Evaluation and manuscript gates:

- Report VaR coverage, exception diagnostics, quantile loss, joint VaR-ES loss for
  valid VaR-ES pairs, ES exceedance severity, tail-ranking diagnostics, and paired-loss
  inference where the sample supports it.
- Murphy diagnostics are diagnostic plots, not standalone significance tests.
- Conditional predictive ability diagnostics are conditional loss-difference evidence,
  not automatic model-selection claims.
- Use the headline ML tail ladder for the main information-set story. Treat restricted
  cross-family rows as diagnostic or restricted evidence unless common-sample and
  inference gates justify promotion.
- Additional forecast-distribution scoring extensions are not current evidence. Do not
  add them to the current paper unless a later review requires stable definitions,
  artifact schemas, tests, and manuscript wording.
- DST attenuation is descriptive forecast evidence, not a structural causal mechanism.
- ES severity is conditional on VaR exceptions and must be reviewed before being
  converted into manuscript prose.
- VaR-trigger diagnostics are pre-open risk-monitoring diagnostics.

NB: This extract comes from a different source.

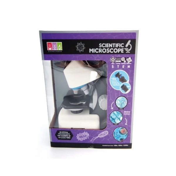 STEM MİKROSKOP SETİÜrün ÖzellikleriSTEM mikroskop seti, bilimsel çalışmalara ilgi duyan çocuklar ve öğrenciler için geliştirilmiş profesyonel bir settir. 10X ve 20X göz merceği ile birlikte 4X, 10X ve 40X objektif lenslere sahiptir. Bu kombinasyon sayesinde 40X’ten 1200X’e kadar büyütme imkânı sunarak hücre, mikroorganizma ve küçük objelerin detaylı incelenmesini sağlar. 16.3x10x21.8 cm boyutlarındaki kompakt tasarımı sayesinde hem sınıf ortamında hem de evde kolaylıkla kullanılabilir. LED aydınlatma sistemi sayesinde net ve parlak görüntüler elde edilir. 2 adet AA pil ile çalışan cihaz, kolay taşınabilir yapısıyla eğitim ve hobi amaçlı kullanım için uygundur.Paket İçeriği1 adet Stem Mikroskop Seti
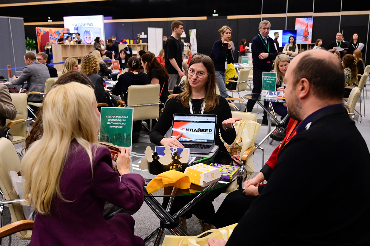 Переговоры проходят в индивидуальном формате и сопровождаются безлимитным кофе-брейком. За столиками располагаются заказчики, c которыми поставщики проводят переговоры в течение всего дня.

They do not
  estimate hedge PnL, costs, turnover, or loss avoided.
- Do not make trading-alpha, live-deployment, price-discovery, structural-causality,
  or hedge-PnL claims without a separate registered design and evidence layer.

Acceptance criteria:

- The documented verification workflow passes before a change is treated as complete.
- New outputs are either small tracked synthetic fixtures or ignored local artifacts.
- No vendor credentials, raw market data, caches, generated reports, or local build
  artifacts are committed.
- Documentation is updated when behavior, schemas, workflow entrypoints, or claim
  boundaries change.
- Claims are labeled honestly: schema checks, smoke checks, and real-data validation
  are not interchangeable.
- Any unavailable target or benchmark is explicitly marked as unavailable or deferred
  with a reason.

When reporting progress, separate:

- Blocking issues.
- Non-blocking risks.
- Missing tests.
- Documentation drift.
- Recommended next implementation step.
- Implemented and tested.
- Implemented but only smoke-tested.
- Requires real vendor data.
- Requires licensed intraday data.
- Still planned or deferred.

Use current repository evidence when giving file or line references. Do not propose
new model work until the target-data audit gate is satisfied.